PROSTHESIS CAN "FEEL"
“Cyber prosthetics is developing all over the world for those whose arms or legs are amputated,” continues Alexander Frolov. One of the most striking examples is South African runner Oscar Pistorius. With prostheses in place of both legs, he won many Paralympic Games and even competed successfully with healthy athletes.
Moreover, for several years, Pistorius was forbidden to participate in ordinary races on the pretext that unique prostheses provide advantages over human legs. But then the ban was lifted (now Pistorius is accused of the murder of his girlfriend, a photo model, he is being tried).
Last year, the famous "cyborg man" Nigel Ekland came to Russia. At a press conference, he showed reporters how skillfully he manipulates a bionic prosthesis, replacing an amputated right arm from the elbow. Nigel fully serves himself at home: cooks, drives a car, types on a computer.
“All I have to do is imagine, say, that I am pinching a ball. A signal from the brain enters the stump muscle, which contracts and transmits an impulse to the prosthesis motor. Then the cyberpicks bend and I can grab something,”explains Ekland.
Now scientists are entering the next stage: creating a system that will transmit signals not only from the brain to an external device, but also in the opposite direction. That is, through a computer, the brain will be able to recognize the properties of objects that the prosthesis touches. In fact, a person will learn to “feel” his artificial hand!
“To do this, it will be necessary to equip the system with receptors that will detect changes in the configuration of an object, receive tactile signals - all this will allow transmitting a feeling of feeling to the brain,” Alexander Frolov draws a picture that is captivating for the imagination.
As a result, the management of prostheses will be as close as possible to the full action of human hands and feet. Highly sensitive robots can be used for the most complex operations in medicine, research and development and other areas of our life.
BRAIN + COMPUTER FOR RECOVERY AFTER STROKE
The number of patients with cerebral hemorrhages is growing both in our country and throughout the world. One of the most severe consequences of a stroke is paralysis, which occurs due to damage to the motor area of the brain. In these cases, cybernetic medicine can help with rehabilitation. This is the project that Professor Frolov's team is currently working on under the auspices of the Ministry of Health with co-financing from the Russian Foundation for Basic Research (RFBR).
“It has been proven that when a person imagines the movements of his arms or legs, the same parts of the brain are activated as in real movements,” says Alexander Alekseevich. During training, patients are put on encephalographic caps that read brain signals, and the parts of the body that need to be "wiggled" are inserted into an exoskeleton, a device connected to a computer and repeating the outline of the body.

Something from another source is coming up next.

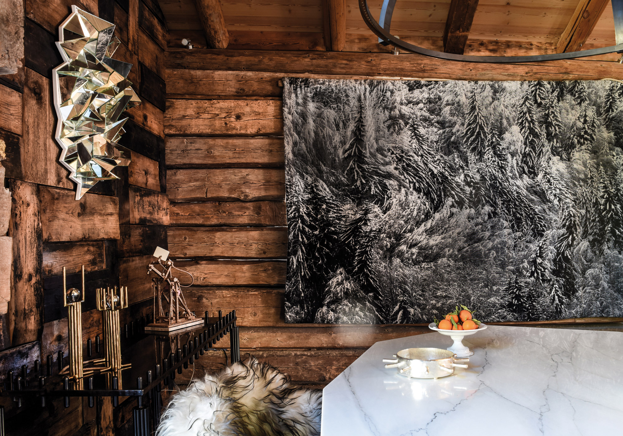 Le photographe Gilles Pernet a fait de sa passion un métier. Mais sa production artistique s’étend au-delà de cette discipline. Il aborde ce médium comme un peintre, sa palette étant l’outil numérique. Support de création, la photographie dialogue parfois avec d’autres matériaux plus inattendus, dont la tapisserie tissée sur métier Jacquard à Aubusson-Felletin. Une expression originale de son art utilisée pour son œuvre White Disorder, déformant les paysages de neige. Thème récurrent, la neige est aussi très présente dans sa dernière série de photographies Snow, inspirée par son environnement. Installé depuis quelques années près de Megève dans une ferme du XVIIIe siècle face au Mont-Blanc, Gilles Pernet contemple depuis son balcon les différentes vues sur cette nature préservée qu’il voit changer au fil des saisons… « J’ai longtemps laissé les paysages en paix en me contentant de les arpenter, raconte Gilles Pernet. J’aime marcher les mains libres, sans appareil. Et puis, de cette nouvelle proximité, de cette confrontation quotidienne qui s’imposait à moi, est née la nécessité de les transcrire. J’ai donc commencé à photographier systématiquement, obsessionnellement, ce que j’avais en face de moi, laissant même un pied photo sur place, en permanence. J’ai vu rougir les cimes des arbres, l’automne venu, et les premières neiges s’y déposer, J’ai vu des jours de tempête en hiver et la neige battue par le vent au cœur de jours sombres, j’ai vu des petits matins glacés porteurs de l’espoir d’un soleil tardif. J’aurais pu me contenter de présenter ça, joliment et classiquement, mais quid du sentiment des jours sombres, de l’espoir d’un soleil naissant et de la rougeur des cimes ? Les mises en couleurs graphiques que j’opère sont là pour ça, c’est ma trace, ma poétique, mon discours. » Une nouvelle série qui témoigne de son affinité pour la montagne enneigée, mais aussi de son extrême sensibilité.

The person is asked to imagine, say, unclenching the arm - because after a stroke, the hands are often compressed, and it is impossible to unbend them on their own (this is called spasticity). Through a computer, a signal from the brain is transmitted to the exoskeleton worn on the hand, and the device opens the hand. “The importance of this procedure is that when an imaginary movement coincides with reality, even if it is achieved with the help of an external device, unique plastic changes take place in the brain - processes that restore motor function,” explains Professor Frolov.
So far, this is an experimental technology that involves 20 patients. It is assumed that clinical studies of the new method of rehabilitation will last for another three years. If their effectiveness is confirmed in the majority of patients, then cybernetic technology can be introduced into the official Russian standards of stroke rehabilitation.